Enclosure, Knockkelly, Co. Tipperary
Co. Tipperary |
Enclosures
On an east-facing slope at Knockkelly in County Tipperary, there is a prehistoric enclosure that has been almost entirely erased from the landscape, not gradually by time, but in two distinct acts of clearance within living memory.
What survives now is, in the most literal sense, a monument to its own disappearance.

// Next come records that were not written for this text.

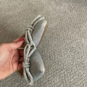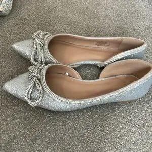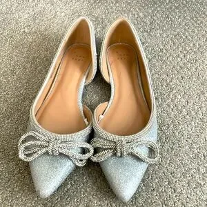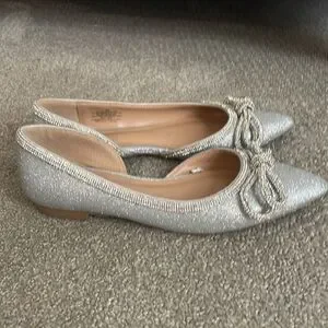 Super flattering sparkling sliver flats with double bow at pointed toe. In great condition worn 2X for a few hours to parties.
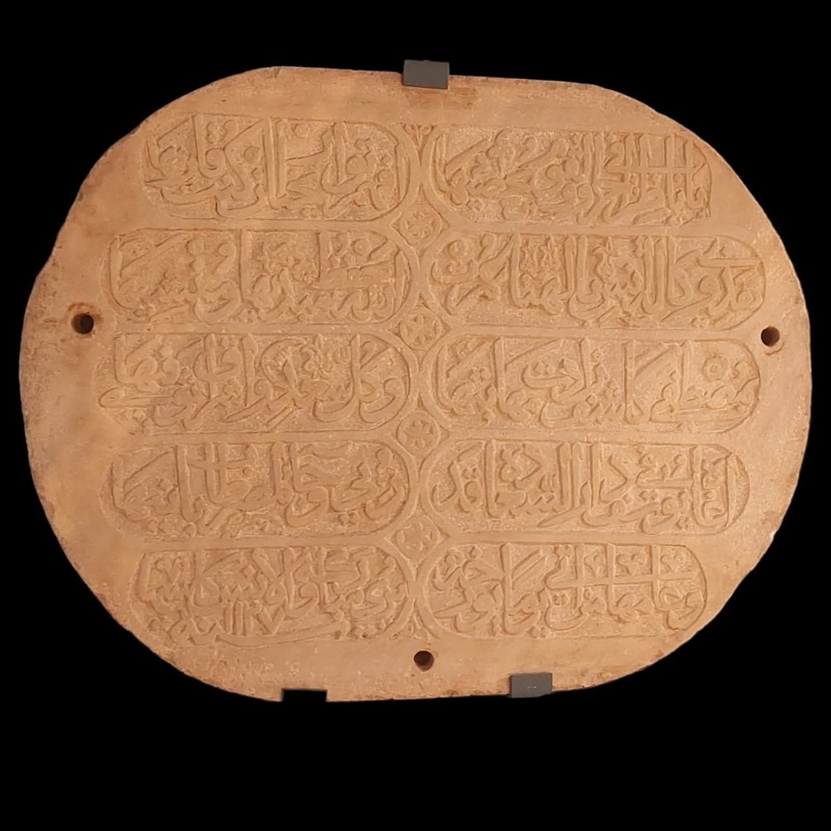 القطعة الأولى، وهي لوحة تأسيسية عثمانية نادرة، صُنعت من الرخام عام 1715م، وتُعد واحدة من أبرز معروضات المتحف لما تحمله من قيمة تاريخية وفنية. نُقشت اللوحة بخط الثلث البارز المعروف بجماله ودقته، وتحمل طابعًا معماريًا يعكس ملامح العمارة العثمانية في مصر. وتوثق اللوحة تأسيس وكالة تجارية خلال تلك الفترة، وتُظهر براعة الفنانين في تطويع الرخام كوسيلة للتوثيق والجمال.
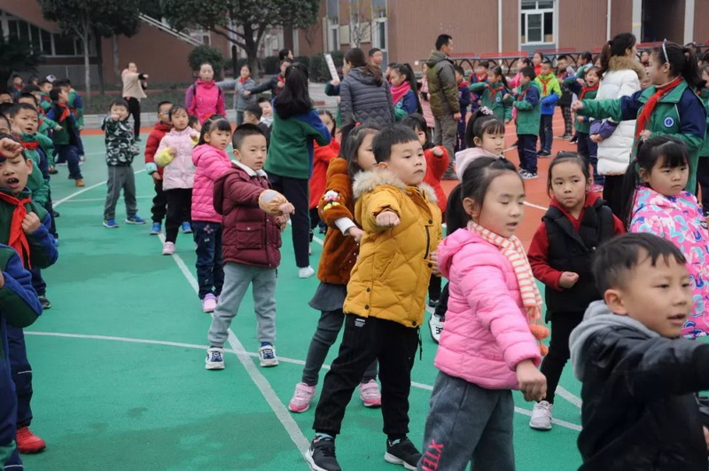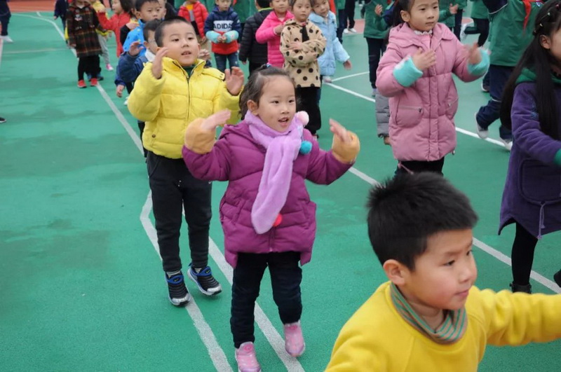 How time flies! It's time for the big break! Childrencame to the playground ahead of time. Under the guidance of the teacher ofphysical education, the children are carefully in the team, just like a pupil.
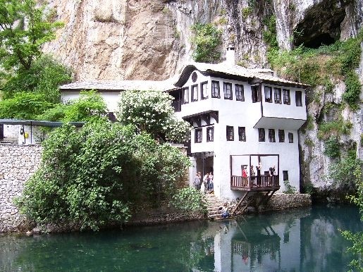 Bu adı geçen büyük havuzun kenarındaki kayalara bitişik Mostar Müftüsü (—) Efendi bir Halvetî tekkesi inşa etmiştir. Bir köşkü Buna Nehri'ne bakıp tüm âşıklar, maarif erbabı ve gönül ehli bu köşkte ve bu tekkenin kameriyelerinde oturup guv guy has sohbetler ve ilim sohbetleri ederler. Nice zarif dostlar havuz içinde olan türlü türlü balıkları ve Rabbimin nimetlerini seyrederler ki her balık onar, on beşer ve yirmişer okka gelir, sanki yaldızlı Tanrı sanatı balıklar var ki insan baktıkça hayran olur.
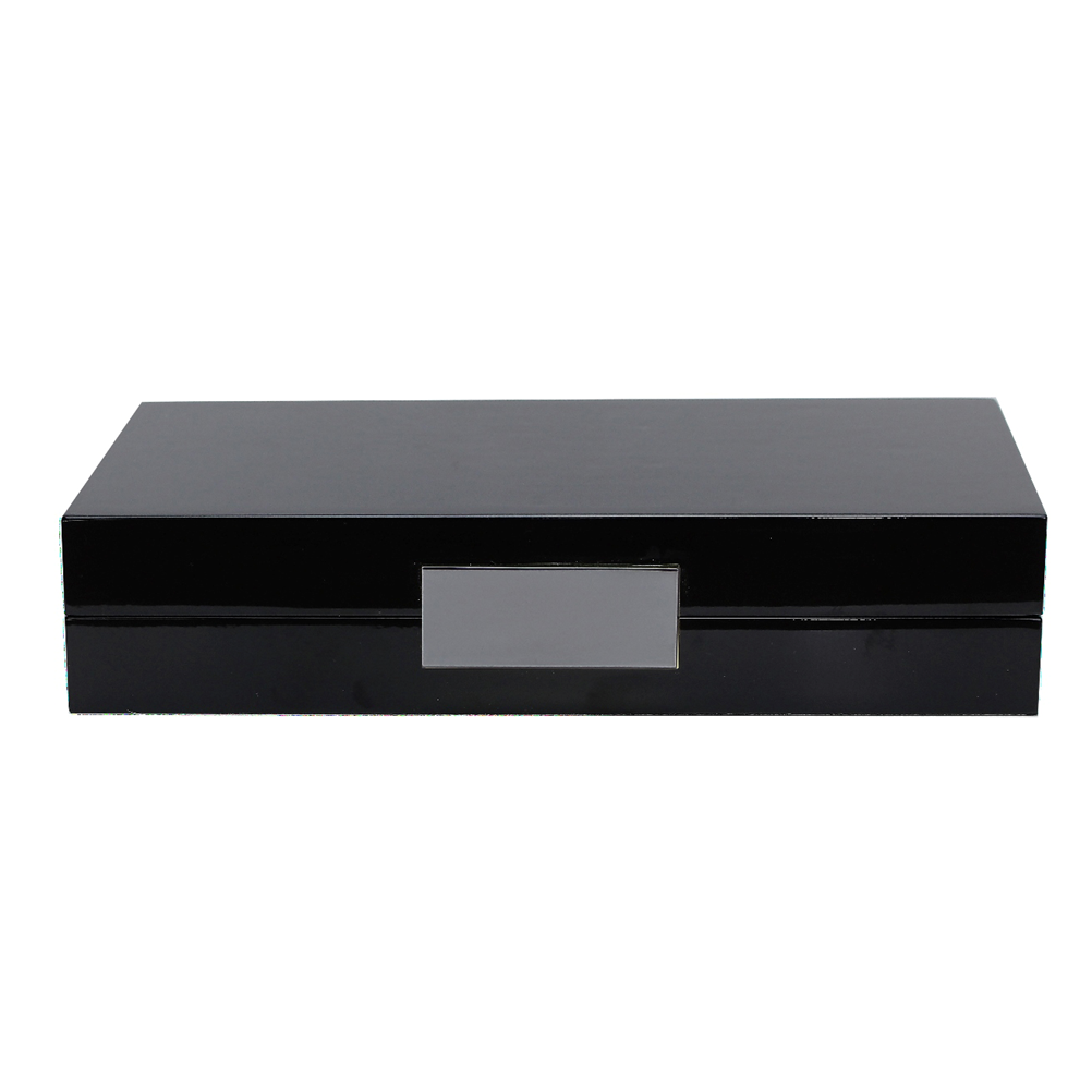 This beautiful lacquered Black Jewelry Box measures 4x9x2 inch and features a silver plated clasp and matching hinges. All of our boxes have had 20 coats of lustrous polished lacquer.
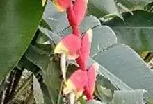金嘴蝎尾蕉:芭蕉科,蝎尾蕉属多年生草本植物。株高可达6米。叶片长圆形,叶面绿色,叶背亮紫色;顶生花序,直立,薄被短柔毛;苞片绿色,开放时突露,花被片红色,顶端绿色,狭圆柱形,果三棱形,灰蓝色,有种子…全部>>
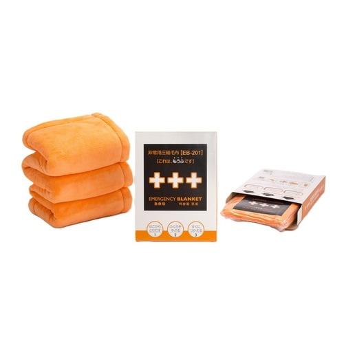 従来の防災毛布より備蓄場所を約70%削減。EB−201BOXは避難所の不安が少しでも和らぐよう、やさしい肌触りにこだわったポリエステル100%の素材を採用しています。 |
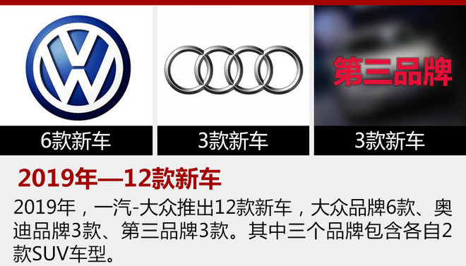2017年進(jìn)入下半年,一汽-大眾就開(kāi)始籌劃2025戰(zhàn)略,以完成更高的銷(xiāo)量目標(biāo)和更長(zhǎng)遠(yuǎn)的發(fā)展。同時(shí),官方還表示將在兩年內(nèi)推出23款新車(chē),并包含大眾、奧迪以及第三品牌。此前,一汽-大眾汽車(chē)有限公司企業(yè)品牌資訊發(fā)言人、公關(guān)總監(jiān)黃龍向網(wǎng)通社表示:“在未來(lái)的車(chē)型投放方面, 2018年共有11款新品投放,其中大眾品牌7款,奧迪品牌4款?!?/p>
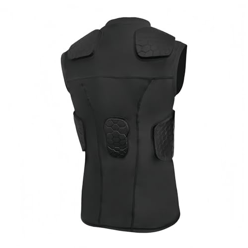 - 6 Thick EVA Pads Design: Football padded compression shirts engineered with strategically placed 6 padding on the chest, ribs, shoulders, and back, providing protection during high-impact sports and activities such as the impact from the balls, pitches or hard hits, make you more safe while compete, Breathable and Sweat Wicking Fabric: Baseball chest protection undershirts made with soft and skin-friendly material can absorb moisture and keep you cool when doing action sport, Snug Fit and Tank Top Cut: Goal catcher’s shirt with sleeveless design offers maximum range of motion, while the 4 way stretch fabric with compression fit supports muscles, reduces fatigue, and improves blood circulation for enhanced performance, Multi-Use Application: Sports shock rash guard compression padded vest is perfect for football, basketball, rugby, hockey, baseball, softball, lacrosse, goalkeeper, handball, pitching, paintball, tball, soccer, martial arts, and other high-contact sports. Also impact protection vest is ideal for intense gym workouts, obstacle races, and outdoor adventures, Wearing Instruction: Sports protective shirt can be used on the game or just for training. Adult can wear softball sternum guard tank tops either inside or outside, can acts as a base layer under the sports uniform
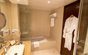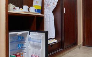 Номер убирают через раз. Мини бар пустой. Зубных щеток и паст нету. Тапочки и халаты принесли только на второй день.
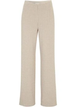 Pantalon Extensible à Motif Pied-de-poule, Wide Leg
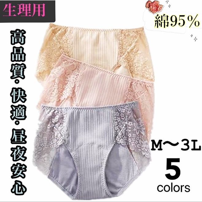 3枚セット レースサニタリーショーツ 生理用ショーツ 女性パンティ産褥ショーツ 純綿 通気性 漏れ防止 昼夜用下着
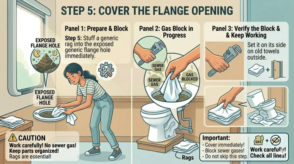 Step 5: Cover the flange opening Stuff a rag into the exposed flange hole immediately to block sewer gases while you work. Do not skip this step.
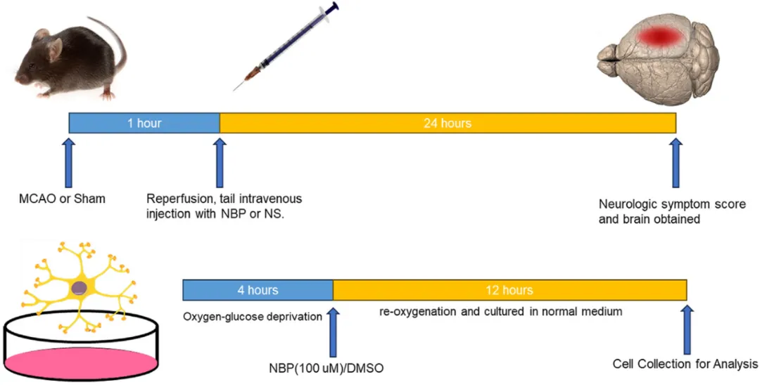 體內(nèi)實驗中,通過閉塞大腦中動脈1小時后再灌注,構(gòu)建小鼠腦缺血再灌注模型。再灌注的同時靜脈注射NBP或生理鹽水,24小時后評估包括神經(jīng)系統(tǒng)評分和代謝物改變在內(nèi)的藥效指標(biāo)。體外實驗中,運用HT22小鼠神經(jīng)元細(xì)胞系構(gòu)建缺氧復(fù)氧細(xì)胞模型評估NBP的療效,具體如圖1所示。
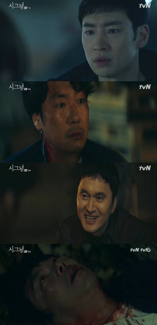 이재한은 안치수(정해균 분)의 총에 죽었다. 그 시간이 오후 11시 23분이었고 박해영과 무전은 그렇게 시작됐다. (사진=tvN '시그널' 15회 캡처)
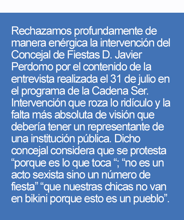 7.- Rechazamos profundamente de manera enérgica la intervención del Concejal de Fiestas D. Javier Perdomo por el contenido de la entrevista realizada el 31 de julio en el programa de la Cadena Ser. Intervención que roza lo ridículo y la falta más absoluta de visión que debería tener un representante de una institución pública. Dicho concejal considera que se protesta “porque es lo que toca “; “no es un acto sexista sino un número de fiesta”; “que nuestras chicas no van en bikini porque esto es un pueblo”. También nos deleita con un rosario de criterios para la elección de la reina en antena tales como: “la soltura en el escenario, la simpatía, el vestido y la gracia”. Ya esto es intolerable y mezquino olvidándose de los valores, las inquietudes, las capacidades, las potencialidades que tienen las futuribles candidatas, demostrando una vez más lo inapropiado y lo soez de un concejal entorno a la defensa de un acto que él considera que el “público” (¡para nosotrxs ciudadanxs!) lo ha solicitado. Utiliza la expresión “las muchachas nos lo han pedido” y que “han recibido muchas llamadas” Que sepamos no se han puesto en marcha ningún tipo de mecanismo de consulta popular, cosa que acordó el grupo de gobierno en septiembre del año pasado para la celebración de las fiestas.

The enclosure was recorded on the second edition Ordnance Survey six-inch map of 1903 to 1904 as a circular earthwork roughly fifty metres in overall diameter, enclosed by a bank and already bisected by a field boundary, with a trackway running along the edge of its north-eastern quadrant. Enclosures of this type, defined by an earthen bank and sometimes an accompanying ditch, are among the most common archaeological features in the Irish countryside, associated broadly with early medieval settlement and farming, though many have far older origins. By the time Cahill documented the site in 1982, the western half had already been removed, with only a fifteen-metre-wide portion still showing one bank and one ditch. Then, during the 1980s, the eastern half was levelled in turn. A farm shed now occupies the western side, a trackway with a deep drain runs north to south through what was the centre of the monument, and the eastern half survives only as a barely traceable semi-circular scarp, measuring roughly thirty-two metres north to south and fourteen metres east to west, visible mainly as a slight change in the ground rather than as any upstanding earthwork. Without knowing where to look, and what you are looking for, there is effectively nothing left to see.